5 Datations AFT détritiques dans la vallée de l’Awatere, Nouvelle-Zélande : exhumation de la

5.4 Résultats

5.4.4 Composantes d’âges et histoires thermiques détritiques au mont Tapuaenuku

Les modèles thermiques présentés précédemment, ont été modélisés sous l’hypothèse que les âges détritiques observés dans chaque échantillon partagent la même histoire de refroidissement, et ont donc été regroupé en profiles verticaux pour l’inférence d’histoire thermiques détritiques. Cependant, cette dernière est une hypothèse forte, et des mélanges de sources sont probables dans les distributions d’âges observées, surtout pour les échantillons collectés dans la rivière Awatere, où l’aire de drainage augmente exponentiellement vers l’aval (Figure 5.2B). Il paraît ainsi pertinent de pouvoir explorer les distributions d’âges détritiques afin d’extraire les composantes d’âges principales et ainsi modéliser les histoires thermiques de ces composantes. Je m’intéresse ici à cette exploration sur l’échantillon n°6, collecté à l’exutoire du bassin de drainage du mont Tapuaenuku. Je choisi cet échantillon car (1) la fertilité en apatite est satisfaisante (i.e. 191 apatites récoltées), (2) le bassin de drainage est relativement petit (~10 km²), et la source des apatites est bien identifiée (i.e. le CIT), et (3) un profil vertical d’âges AFT in-situ est disponible dans la littérature (Baker and Seward, 1996). Cela me permet ensuite de modéliser les histoires thermiques en combinaison d’âges in-situ et comparer les prédictions des distributions d’âges résultantes, similaire à Gallagher et Parra (2020).

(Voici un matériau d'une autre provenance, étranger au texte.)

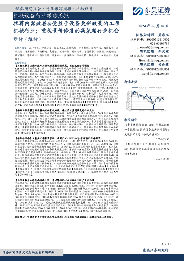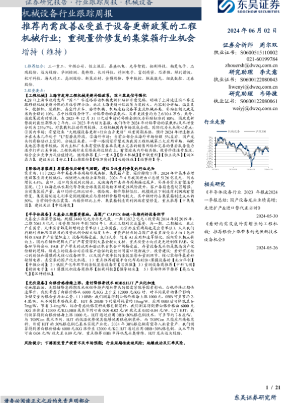 【东吴证券】【20240602】20240602-东吴证券-机械设备行业跟踪周报:推荐内需改善&受益于设备更新政策的工程机械行业;重视量价修复的集装箱行业机会-21页

Afin d’extraire les composantes d’âges présentes dans la distribution d’âges détritiques de l’échantillon n°6, j’utilise le logiciel BayesMixQT v3.2 (Gallagher et al., 2009; Jasra et al., 2006). La distribution d’âges détritique est explorée avec la méthode d’échantillonnage itérative de Monte-Carlo par chaines de Markov à sauts réversibles (RJMcMC, en anglais). Combinée à une formulation bayésienne, cette approche explore l’espace des paramètres, correspondant au nombre de composantes présentent a priori, aux paramètres de leur distribution (e.g. moyenne et écart-type pour une distribution normale), ainsi qu’à la proportion de chaque composante dans la distribution d’âges totale. De façon similaire à l’approche définie dans QTQt (Gallagher, 2012), un nombre d’itération « burn-in » et « post-burn-in » doit être renseigné pour l’exploration des paramètres (voir chapitre 2, section 2.3). A chaque itération, un paramètre est perturbé (e.g. le nombre de composante) et des âges synthétiques sont échantillonnés à partir des distributions de chaque composante modélisée, puis combinés, et une probabilité de vraisemblance avec les données observées est calculée (Jasra et al., 2006). L’efficacité de la procédure d’échantillonnage est évaluée à la fin de la simulation en regardant les taux d’acceptance des perturbations des paramètres autorisés à varier. Une description détaillée de la méthode est présentée par Jasra et al. (2006).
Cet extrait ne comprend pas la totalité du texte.